Jakarta, NU Online Jateng
Ketua Umum Pengurus Besar Nahdlatul Ulama (PBNU), KH Yahya Cholil Staquf, menyatakan bahwa konsep Humanitarian Islam merupakan hasil pengembangan dari pengalaman Indonesia dalam mengelola keberagaman. Pernyataan tersebut disampaikan dalam pembukaan International Conference on Humanitarian Islam atau Muktamar al-Dawli al-Islam Lil Insaniyah pada Selasa (5/11/2024) di Balairung Universitas Indonesia, Depok.
Acara ini dibuka oleh Menteri Agama Nasarudin Umar yang mewakili Presiden Prabowo Subianto, dan dihadiri oleh cendekiawan serta tokoh agama dari berbagai negara. Konferensi ini merupakan hasil kolaborasi antara PBNU, Universitas Indonesia (UI), dan Centre for Shared Civilizational Values (CSCV).
Dalam pidatonya, Gus Yahya menjelaskan bahwa konsep Humanitarian Islam pertama kali diperkenalkan pada tahun 2017 di Pondok Pesantren Bahrul Ulum Tambakberas, Jombang.
“Sejak itu, kami terus melakukan upaya sosialisasi kepada berbagai kalangan di komunitas agama, lingkaran pembuat kebijakan, dan akademisi di seluruh dunia,” ujarnya.
Gus Yahya juga menegaskan bahwa Humanitarian Islam bukanlah konsep baru dalam ajaran Islam.
“Ini adalah pesan ilahi yang inheren dalam ajaran Rasulullah Muhammad SAW, sebagaimana firman Allah, wa maa arsalnaaka illa rahmatan lil ‘aalamiin,” jelasnya.
Lebih lanjut, ia menyatakan bahwa pengalaman Indonesia dalam mengelola keragaman sangat layak dibagikan dengan komunitas internasional.
“Humanitarian Islam merupakan wacana yang menemukan alurnya dari pengalaman Indonesia dalam menemukan jalan keluar dari berbagai perbedaan,” tegasnya.
Rektor Universitas Indonesia Prof Ari Kuncoro menyatakan bahwa filsafat antarbudaya yang berkembang di Indonesia dapat menjadi contoh bagi banyak negara dalam menampilkan Islam sebagai agama yang mampu menjadi solusi konflik di ranah global.
“Dengan filsafat antarbudaya, Indonesia dapat menunjukkan kepada dunia bahwa Islam bukanlah ancaman melainkan solusi bagi perdamaian dunia,” ujar Prof.
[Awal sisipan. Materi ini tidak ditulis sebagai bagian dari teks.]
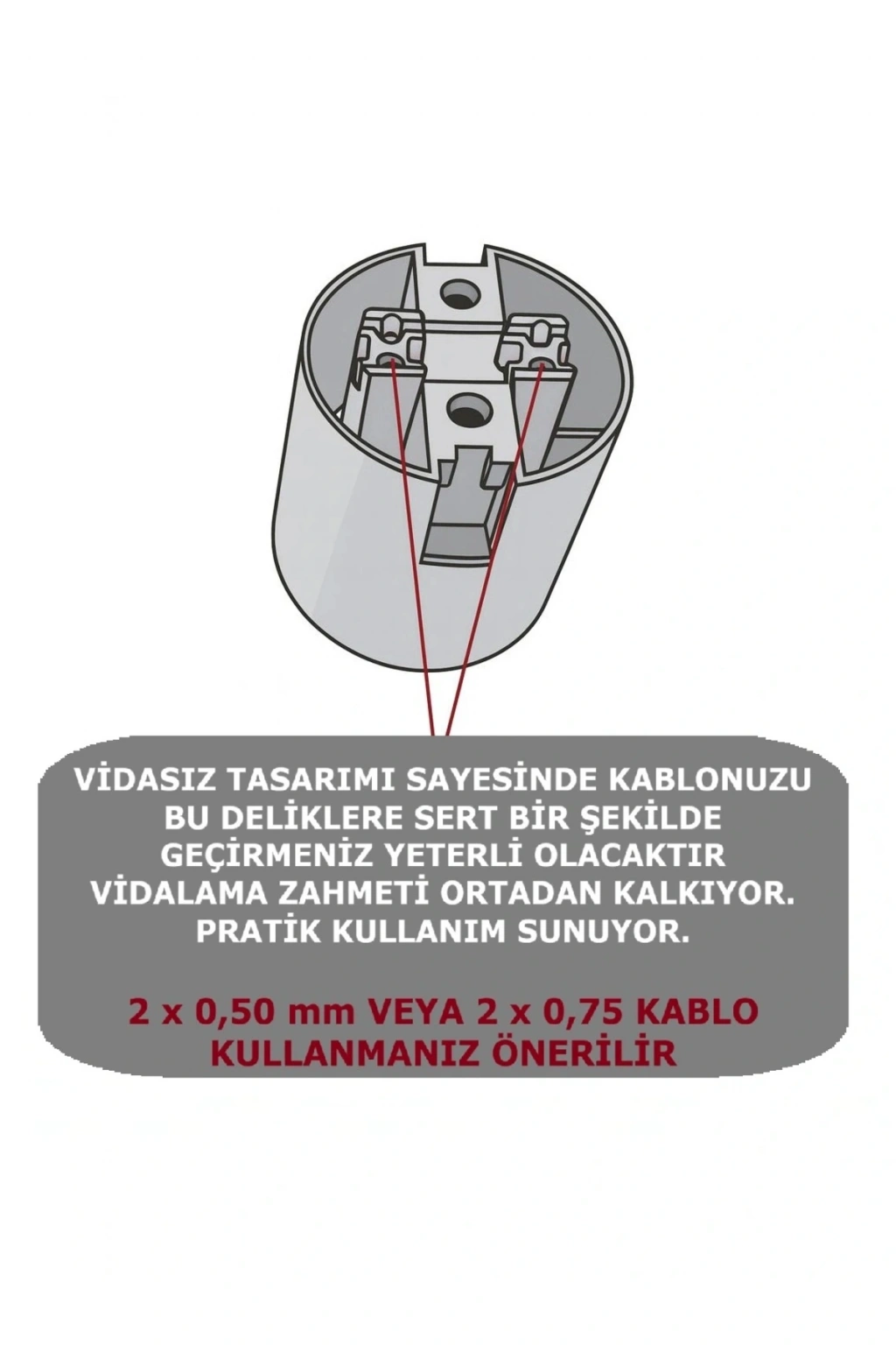 - E27 tip ampul ile uyumlu, geniş kullanım alanına sahip İtalyan tip avize.; - Vidasız geçmeli tasarımı sayesinde kolay montaj imkanı sunar ve zaman kazandırır.; - Avize Lambader duyu halkası sayesinde, Avize ve lambaderinizle uyumlu bir görünüm sağlar ve montaj kolaylığı sunar.; - Kablo kilidi özelliği ile güvenli ve düzenli bir kablo yönetimi sağlar, elektrikli cihazlarınızın güvenliğini artırır.; - Beyaz renk seçeneğiyle modern ve şık bir dekorasyon stili oluşturur.; - Max: 250 Volt 4 Amper

Ari dalam sambutannya pada pembukaan Konferensi Internasional Humanitarian Islam di Balairung Universitas Indonesia, Depok, Selasa (5/11/2024).
Prof Ari juga menjelaskan bahwa perkembangan Islam di Indonesia melalui filsafat antarbudaya yang diterapkan oleh Wali Songo telah berhasil menjaga persatuan dalam keberagaman di Indonesia.
“Filsafat antarbudaya berusaha memahami dan menghargai pandangan serta nilai-nilai yang dimiliki oleh berbagai budaya yang berbeda,” ujarnya.
Pembukaan konferensi ini dihadiri oleh Sekretaris Liga Muslim Dunia (MWL) Asia Tenggara, Abdurrahman Al-Khayyat, beberapa perwakilan duta besar negara sahabat, serta sejumlah menteri, termasuk Menteri Agama RI KH Nasaruddin Umar, Mendiktisaintek Satryo Soemantri Brodjonegoro, Menteri Luar Negeri Sugiono, Menteri BP2MI Abdul Kadir Karding, Menteri Sosial Saifullah Yusuf, Menteri Pemberdayaan Perempuan Arifatul Choiri Fauzi, dan beberapa pejabat serta akademisi lainnya.
Setelah acara pembukaan, para peserta konferensi internasional melanjutkan kegiatan dengan pertemuan terbatas di Hotel Grand Hyatt, Jakarta Pusat.